WHAT NEEDS TO BE DONE:
Print exactly the first lines of the records. Stop after the line containing "Tweet this: News: @VentanaResearch", and leave every picture out.

Data records:
•••

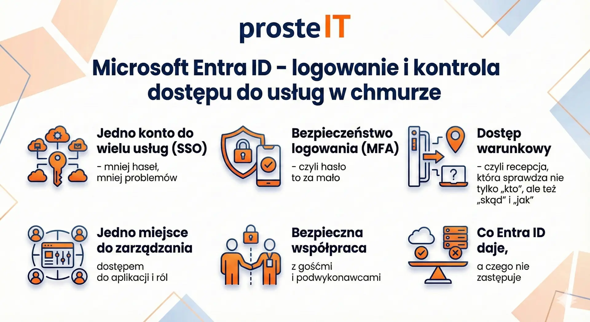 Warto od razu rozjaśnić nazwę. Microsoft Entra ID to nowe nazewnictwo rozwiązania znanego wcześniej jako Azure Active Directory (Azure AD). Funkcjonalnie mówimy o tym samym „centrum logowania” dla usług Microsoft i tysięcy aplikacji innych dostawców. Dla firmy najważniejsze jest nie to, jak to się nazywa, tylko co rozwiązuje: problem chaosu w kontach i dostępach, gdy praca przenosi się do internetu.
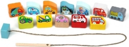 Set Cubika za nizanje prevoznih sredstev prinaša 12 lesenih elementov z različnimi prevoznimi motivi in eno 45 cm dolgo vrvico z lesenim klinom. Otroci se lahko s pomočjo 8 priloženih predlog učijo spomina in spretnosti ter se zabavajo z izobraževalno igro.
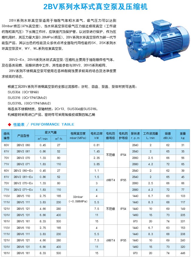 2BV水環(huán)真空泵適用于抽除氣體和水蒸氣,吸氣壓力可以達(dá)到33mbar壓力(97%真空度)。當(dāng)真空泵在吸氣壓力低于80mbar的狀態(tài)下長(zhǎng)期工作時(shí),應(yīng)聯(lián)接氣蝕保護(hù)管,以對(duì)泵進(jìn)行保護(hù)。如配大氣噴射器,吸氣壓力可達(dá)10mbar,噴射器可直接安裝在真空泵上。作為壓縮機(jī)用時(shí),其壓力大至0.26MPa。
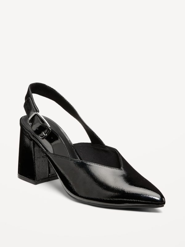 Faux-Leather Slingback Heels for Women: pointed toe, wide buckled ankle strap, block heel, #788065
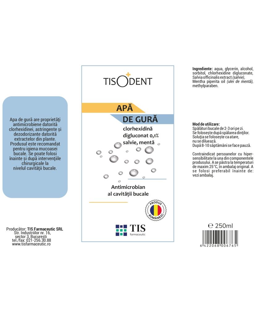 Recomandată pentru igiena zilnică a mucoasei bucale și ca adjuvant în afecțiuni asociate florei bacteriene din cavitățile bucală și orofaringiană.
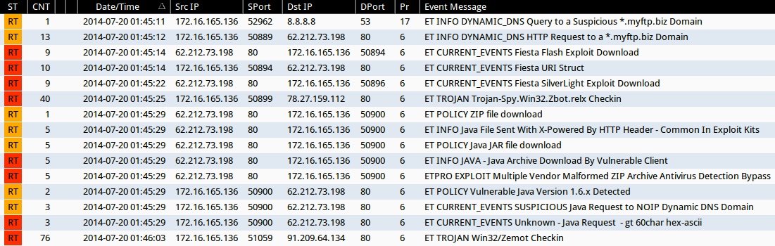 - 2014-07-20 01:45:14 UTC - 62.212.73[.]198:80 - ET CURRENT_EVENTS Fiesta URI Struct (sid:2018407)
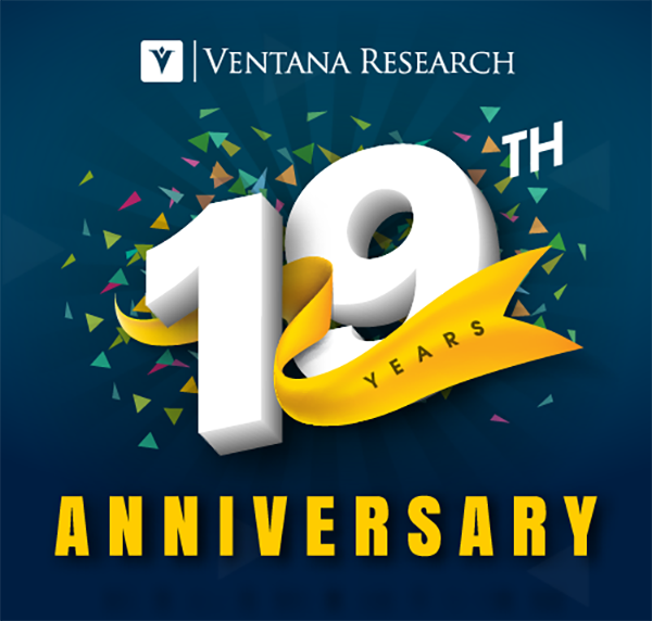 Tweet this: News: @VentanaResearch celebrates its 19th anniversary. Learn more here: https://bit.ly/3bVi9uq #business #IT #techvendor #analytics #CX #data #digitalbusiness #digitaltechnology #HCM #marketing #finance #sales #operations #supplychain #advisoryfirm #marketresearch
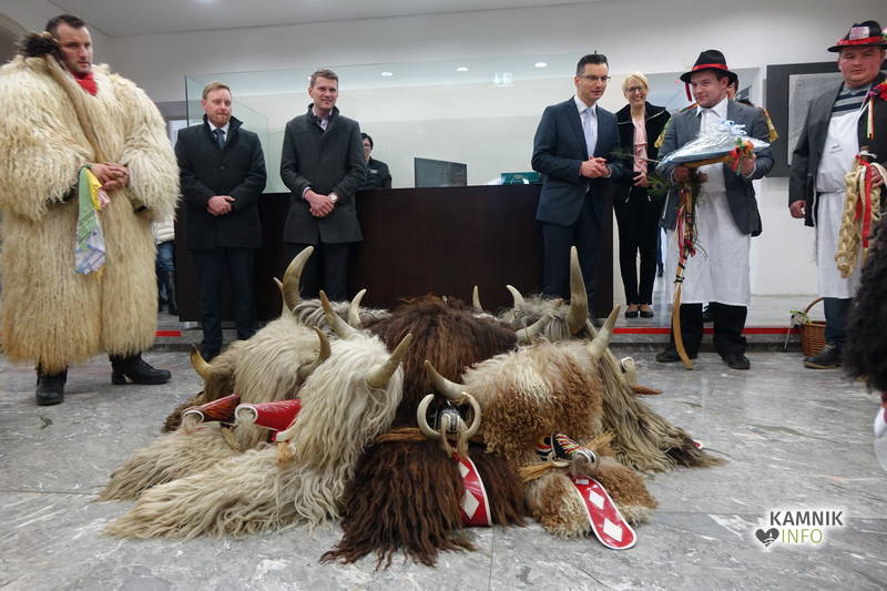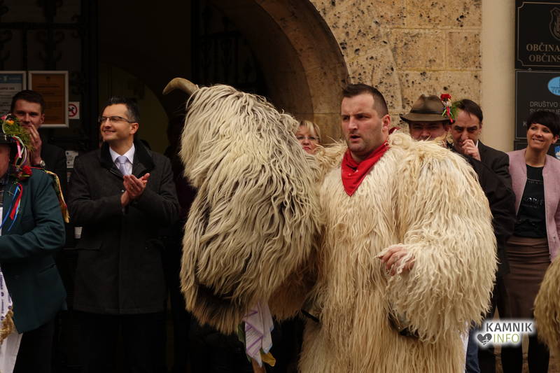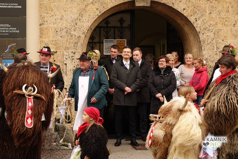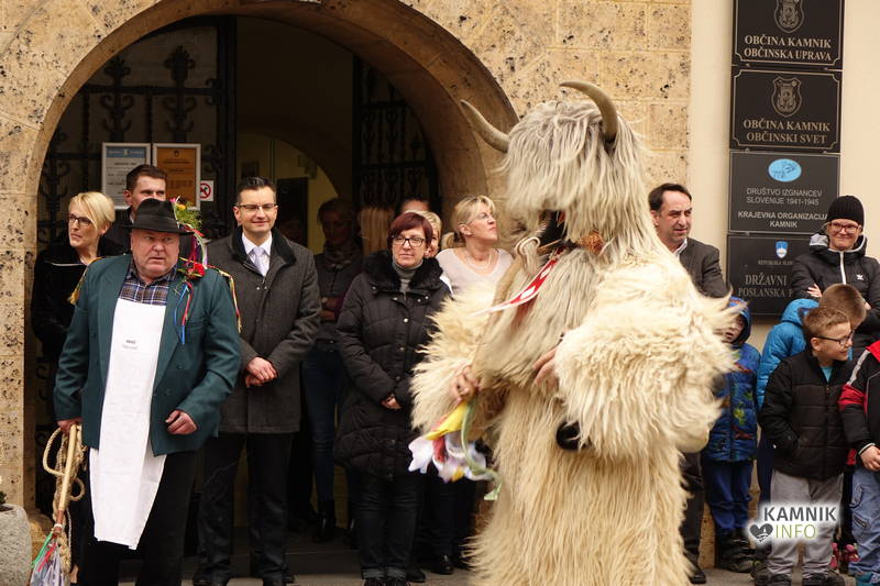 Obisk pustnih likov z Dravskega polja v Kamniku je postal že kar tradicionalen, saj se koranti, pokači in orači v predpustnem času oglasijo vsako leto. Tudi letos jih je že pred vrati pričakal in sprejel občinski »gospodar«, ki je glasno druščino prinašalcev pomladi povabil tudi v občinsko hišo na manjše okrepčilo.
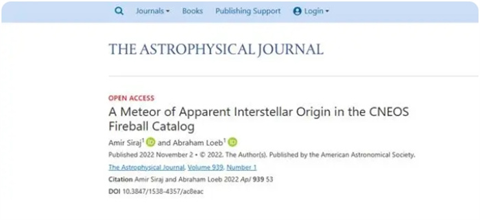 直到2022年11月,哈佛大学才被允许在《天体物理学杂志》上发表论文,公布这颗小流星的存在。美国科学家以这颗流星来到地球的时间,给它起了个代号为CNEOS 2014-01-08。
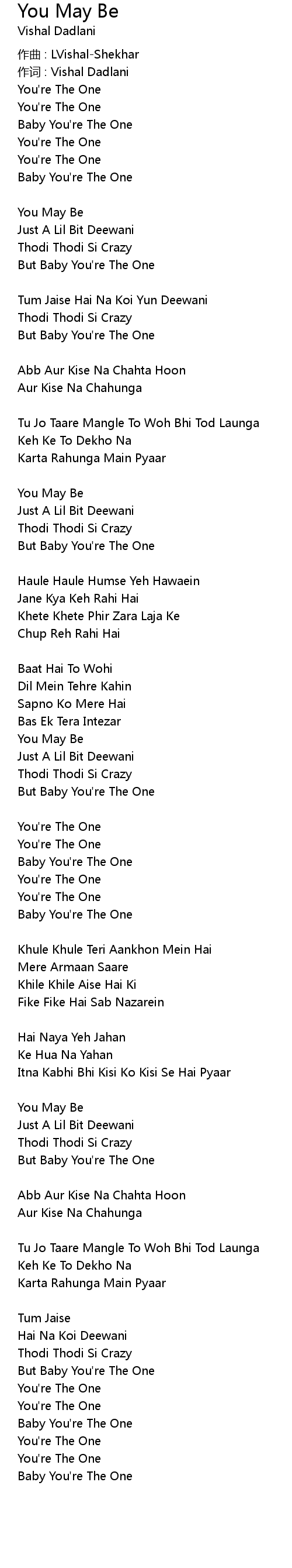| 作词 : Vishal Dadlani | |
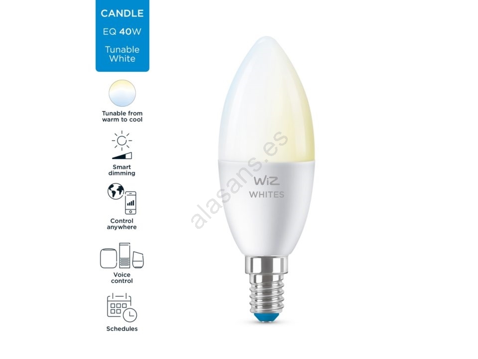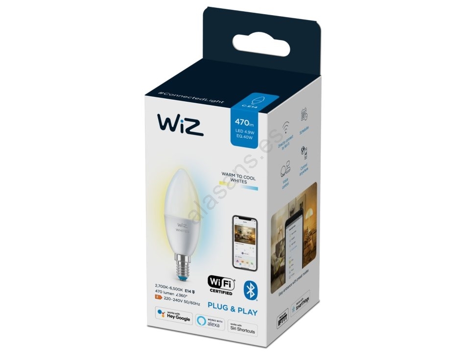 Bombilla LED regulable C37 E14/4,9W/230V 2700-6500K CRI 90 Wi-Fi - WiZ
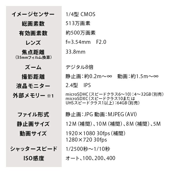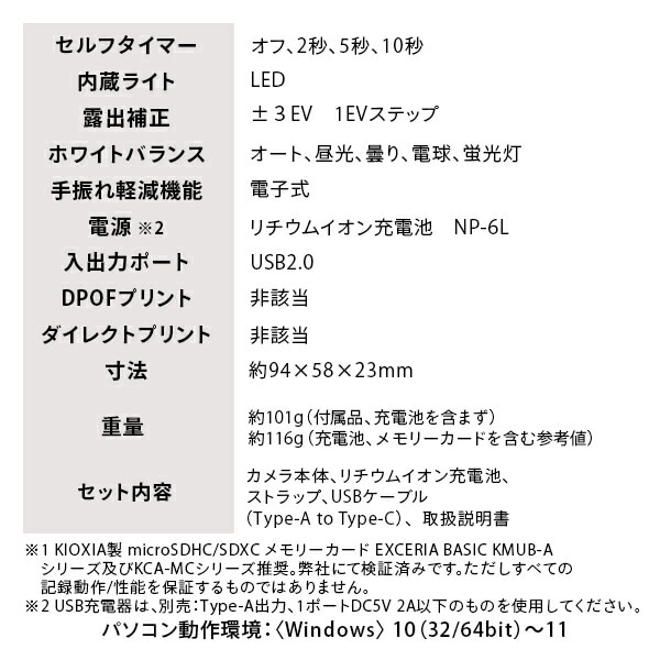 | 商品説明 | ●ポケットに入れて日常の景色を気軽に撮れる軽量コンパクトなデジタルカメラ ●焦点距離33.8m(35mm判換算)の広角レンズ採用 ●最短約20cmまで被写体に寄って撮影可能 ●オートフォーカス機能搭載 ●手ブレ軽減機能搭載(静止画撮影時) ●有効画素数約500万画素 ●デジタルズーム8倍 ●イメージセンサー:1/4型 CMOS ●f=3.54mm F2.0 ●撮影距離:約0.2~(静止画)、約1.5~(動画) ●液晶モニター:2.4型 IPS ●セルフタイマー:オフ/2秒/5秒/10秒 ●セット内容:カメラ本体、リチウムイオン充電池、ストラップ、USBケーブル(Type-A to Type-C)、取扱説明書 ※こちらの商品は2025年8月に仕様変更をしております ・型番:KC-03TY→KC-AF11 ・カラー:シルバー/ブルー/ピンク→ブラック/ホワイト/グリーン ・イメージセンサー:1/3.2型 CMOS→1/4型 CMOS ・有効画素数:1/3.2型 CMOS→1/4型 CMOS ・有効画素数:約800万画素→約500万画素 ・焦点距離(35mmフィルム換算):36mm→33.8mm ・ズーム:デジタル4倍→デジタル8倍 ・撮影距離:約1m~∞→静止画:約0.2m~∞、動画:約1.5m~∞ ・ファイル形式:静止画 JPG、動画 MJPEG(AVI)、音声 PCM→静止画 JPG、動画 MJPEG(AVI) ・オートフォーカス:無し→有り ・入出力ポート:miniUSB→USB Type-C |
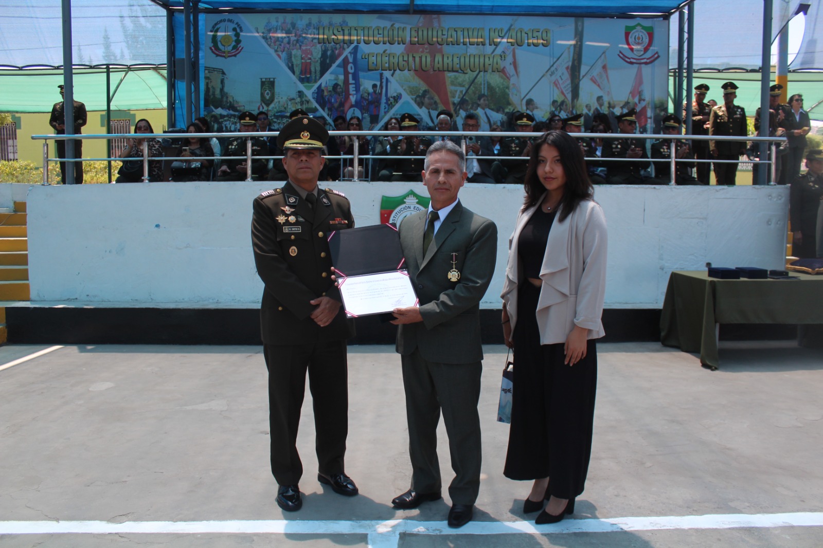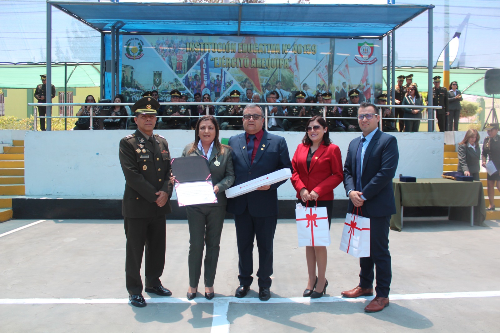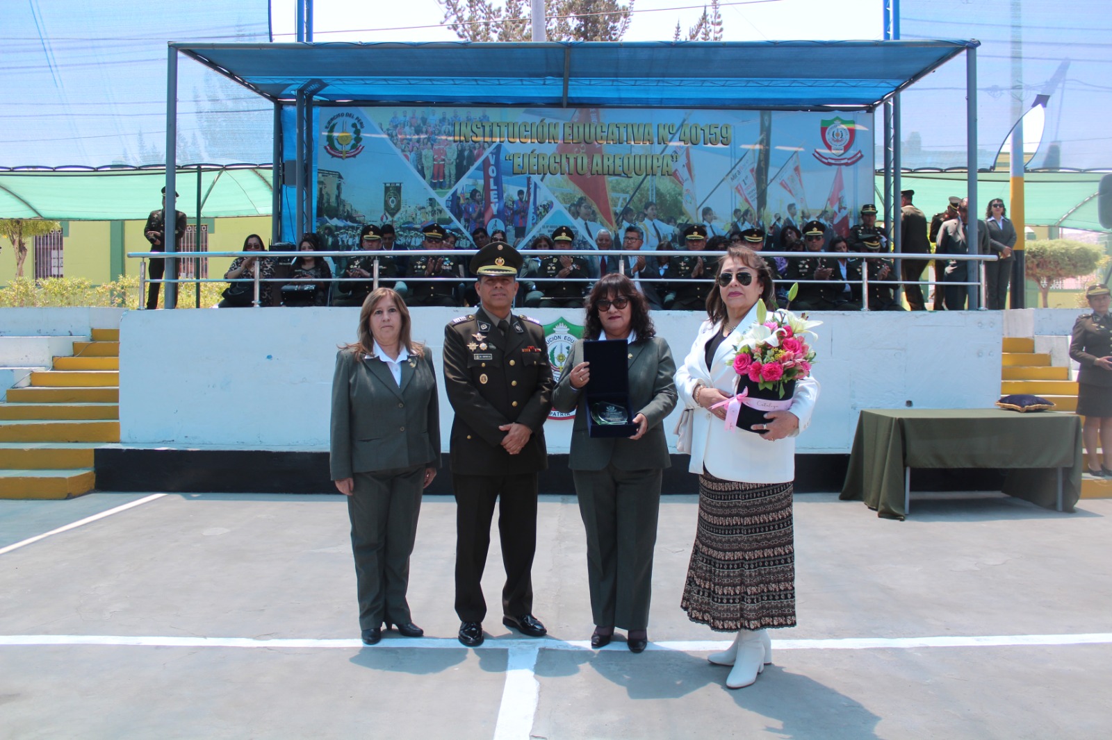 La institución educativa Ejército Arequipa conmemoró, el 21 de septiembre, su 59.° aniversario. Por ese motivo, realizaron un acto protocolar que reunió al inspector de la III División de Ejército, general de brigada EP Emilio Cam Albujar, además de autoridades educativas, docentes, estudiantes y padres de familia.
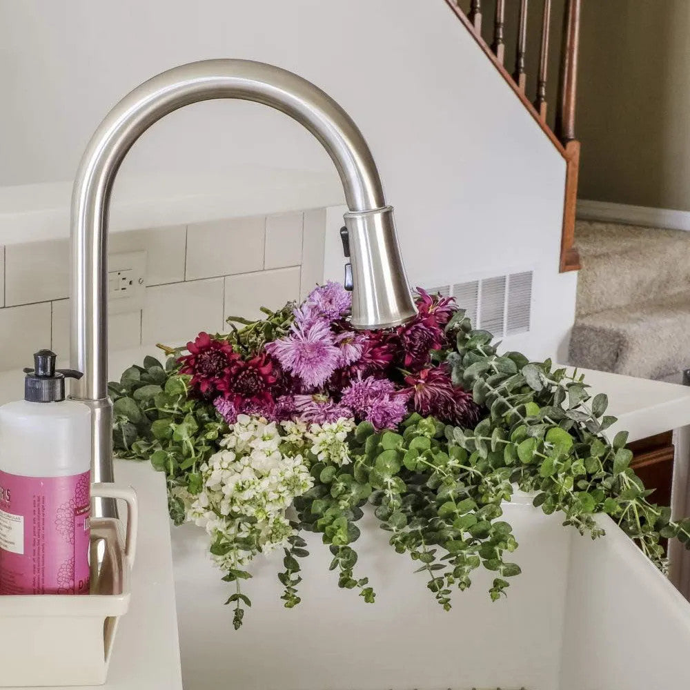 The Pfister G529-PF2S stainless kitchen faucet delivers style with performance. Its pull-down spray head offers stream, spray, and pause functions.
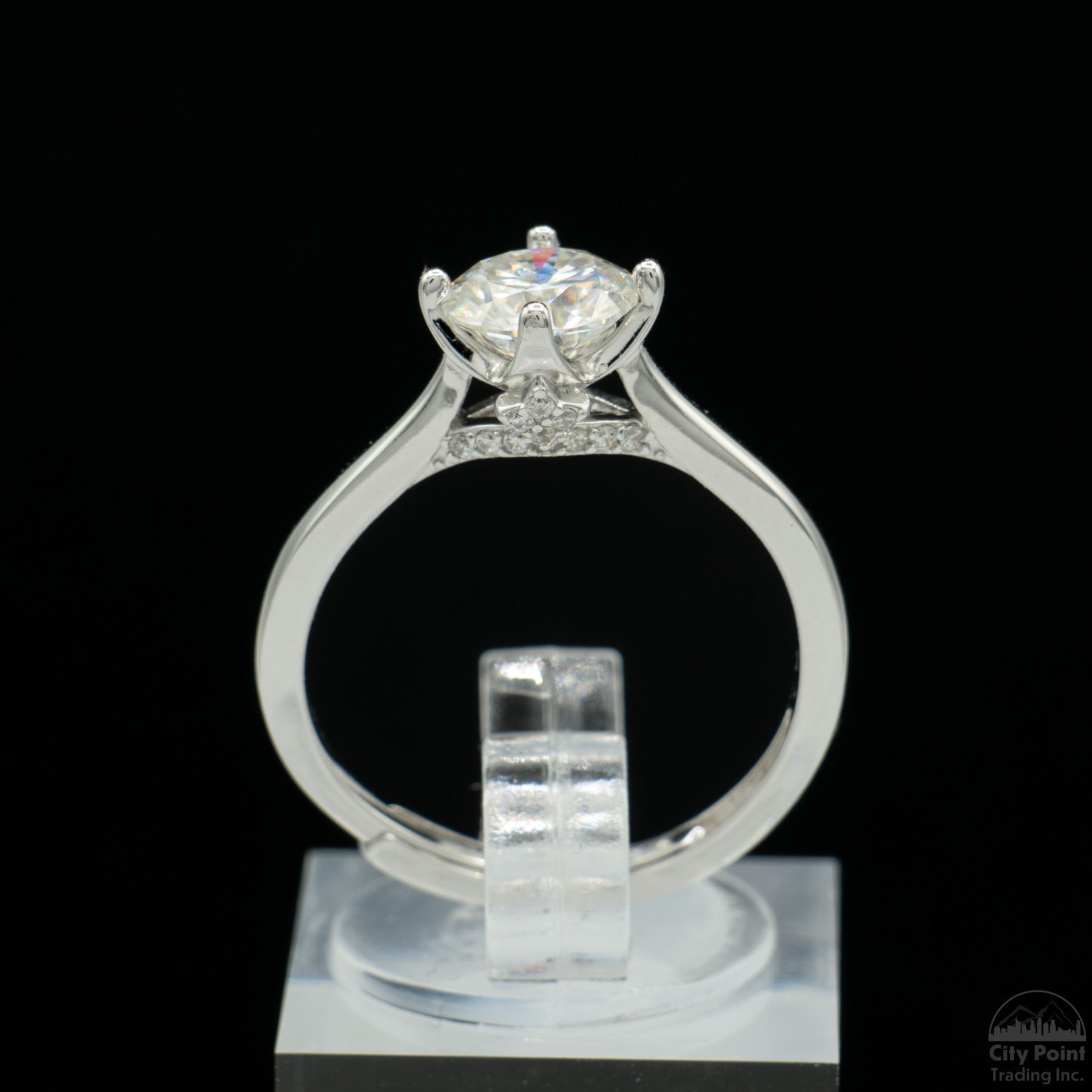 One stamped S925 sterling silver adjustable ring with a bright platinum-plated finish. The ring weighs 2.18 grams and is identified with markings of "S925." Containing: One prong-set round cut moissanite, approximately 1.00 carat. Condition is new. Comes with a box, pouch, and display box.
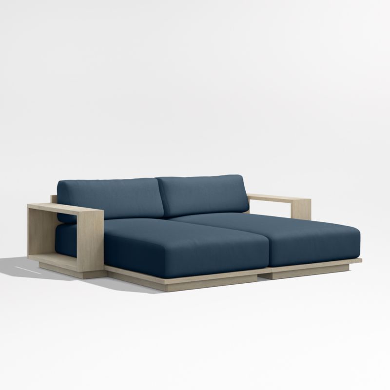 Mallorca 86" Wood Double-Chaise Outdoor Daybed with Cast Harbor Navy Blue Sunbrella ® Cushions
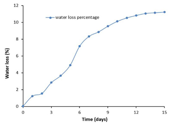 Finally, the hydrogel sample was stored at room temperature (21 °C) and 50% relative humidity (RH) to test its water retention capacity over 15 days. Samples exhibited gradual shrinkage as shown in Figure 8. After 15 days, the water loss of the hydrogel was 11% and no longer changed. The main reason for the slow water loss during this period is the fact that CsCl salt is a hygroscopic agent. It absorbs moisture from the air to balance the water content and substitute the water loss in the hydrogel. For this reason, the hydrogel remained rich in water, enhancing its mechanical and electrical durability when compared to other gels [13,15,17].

•••

RESULT OF THE EXERCISE:
 Warto od razu rozjaśnić nazwę. Microsoft Entra ID to nowe nazewnictwo rozwiązania znanego wcześniej jako Azure Active Directory (Azure AD). Funkcjonalnie mówimy o tym samym „centrum logowania” dla usług Microsoft i tysięcy aplikacji innych dostawców. Dla firmy najważniejsze jest nie to, jak to się nazywa, tylko co rozwiązuje: problem chaosu w kontach i dostępach, gdy praca przenosi się do internetu.
 Set Cubika za nizanje prevoznih sredstev prinaša 12 lesenih elementov z različnimi prevoznimi motivi in eno 45 cm dolgo vrvico z lesenim klinom. Otroci se lahko s pomočjo 8 priloženih predlog učijo spomina in spretnosti ter se zabavajo z izobraževalno igro.
 2BV水環(huán)真空泵適用于抽除氣體和水蒸氣,吸氣壓力可以達(dá)到33mbar壓力(97%真空度)。當(dāng)真空泵在吸氣壓力低于80mbar的狀態(tài)下長(zhǎng)期工作時(shí),應(yīng)聯(lián)接氣蝕保護(hù)管,以對(duì)泵進(jìn)行保護(hù)。如配大氣噴射器,吸氣壓力可達(dá)10mbar,噴射器可直接安裝在真空泵上。作為壓縮機(jī)用時(shí),其壓力大至0.26MPa。
 Faux-Leather Slingback Heels for Women: pointed toe, wide buckled ankle strap, block heel, #788065
 Recomandată pentru igiena zilnică a mucoasei bucale și ca adjuvant în afecțiuni asociate florei bacteriene din cavitățile bucală și orofaringiană.
 - 2014-07-20 01:45:14 UTC - 62.212.73[.]198:80 - ET CURRENT_EVENTS Fiesta URI Struct (sid:2018407)
 Tweet this: News: @VentanaResearch celebrates its 19th anniversary. Learn more here: https://bit.ly/3bVi9uq #business #IT #techvendor #analytics #CX #data #digitalbusiness #digitaltechnology #HCM #marketing #finance #sales #operations #supplychain #advisoryfirm #marketresearch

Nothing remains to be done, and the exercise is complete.